Trump Says He’ll Fight for Working-Class Americans. His First Presidency Suggests He Won’t.
by Eli Hager
ProPublica is a Pulitzer Prize-winning investigative newsroom. Sign up for The Big Story newsletter to receive stories like this one in your inbox.
When Donald Trump was president, he repeatedly tried to raise the rent on at least 4 million of the poorest people in this country, many of them elderly or disabled. He proposed to cut the federal disability benefits of a quarter-million low-income children, on the grounds that someone else in their family was already receiving benefits. He attempted to put in place a requirement that poor parents cooperate with child support enforcement, including by having single mothers disclose their sexual histories, before they and their children could receive food assistance.
He tried to enact a rule allowing employers to pocket workers’ tips. And he did enact a rule denying overtime pay to millions of low-wage workers if they made more than $35,568 a year.
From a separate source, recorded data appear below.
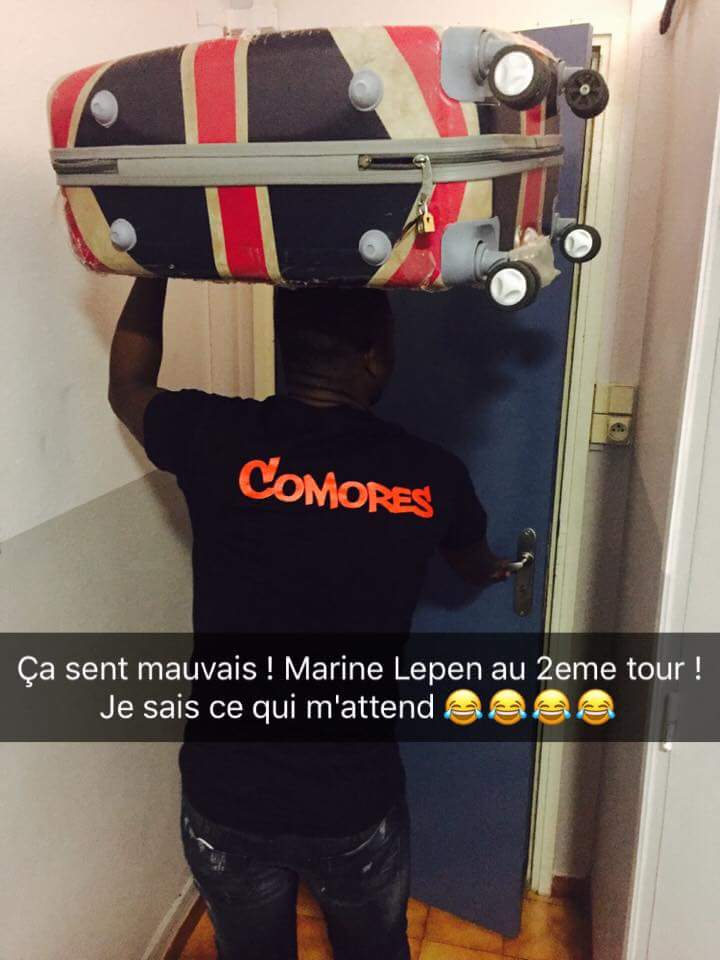 HUMOUR. Marine Le Pen au deuxième tour de l’élection présidentielle en France fait réagir les internautes. Une image humoristique pour montrer les conséquences d’une victoire de Marine Le Pen. Les immigrés feront les valises pour un retour…
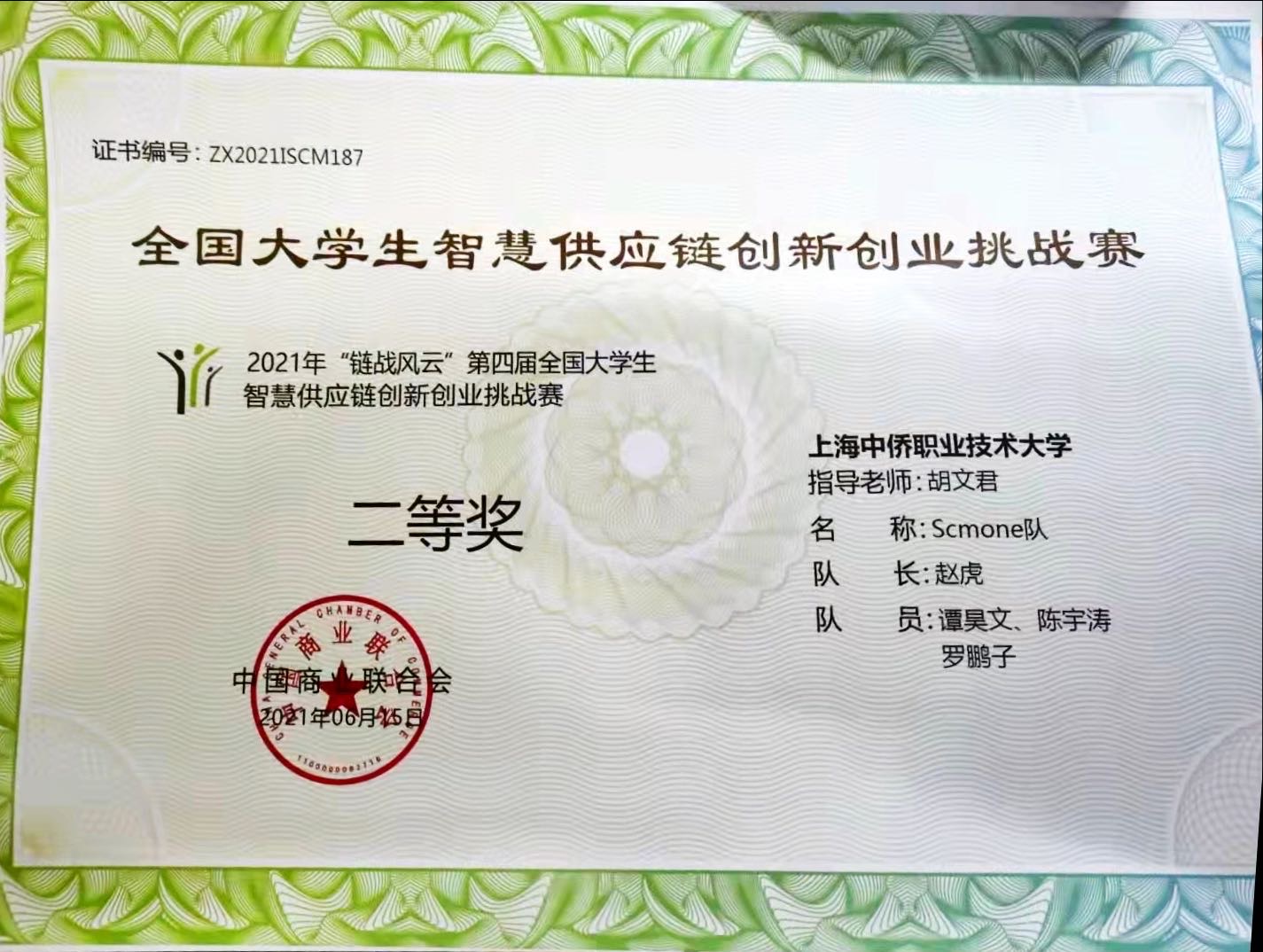 2021年6月2日,上海中侨职业技术大学参赛团队,借由全国供应链大赛ITP平台,参加2021年第四届“链战风云”全国大学生智慧供应链创新创业挑战赛初赛对抗赛。经过激烈比拼,由经济与管理学院物流管理专业赵虎、陈宇涛、罗鹏子、谭昊文四位同学组成的“scmone”团队荣获二等奖以及供应链管理中级等级证书。
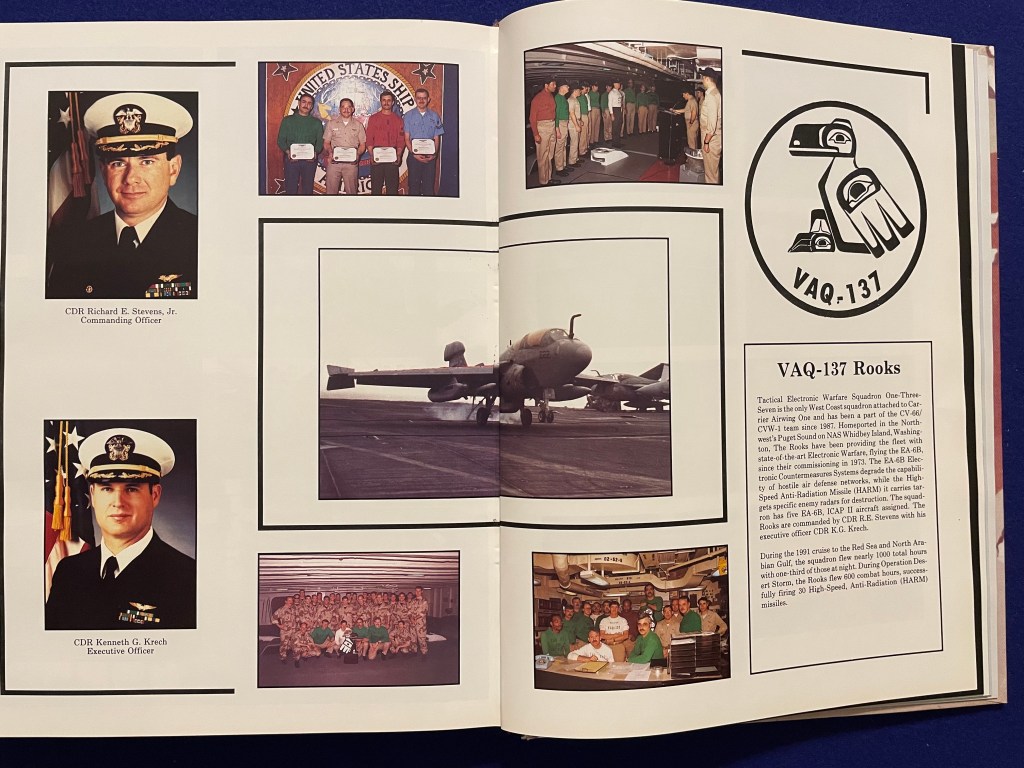 On August 2, 1990 I was home on leave having just finished intelligence school. I was supposed to be home for two weeks but it had only been a few days when the news of the invasion flashed across the TV screens. By August 4, I arrived at my new command, Tactical Electronic Warfare Squadron (VAQ) 137 ‘Rooks’, flying the EA-6B Prowler assigned to Carrier Airwing One embarked aboard the aircraft carrier USS America (CV-66). We transited the Suez Canal and entered the Red Sea just two days before the first night of DESERT STORM kicked off on January 17, 1991.

Trump and his vice presidential pick JD Vance have been running a campaign that they say puts the working class first, vowing to protect everyday Americans from an influx of immigrant labor, to return manufacturing jobs to the U.S., to support rural areas and families with children and, generally, to stick it to the elites.
Critics reply by citing Project 2025, a potential blueprint for a second Trump presidency that proposes deep cuts to the social safety net for lower-income families alongside more large tax breaks for the wealthy. But Trump, despite his clear ties to its authors, has said that Project 2025 doesn’t represent him.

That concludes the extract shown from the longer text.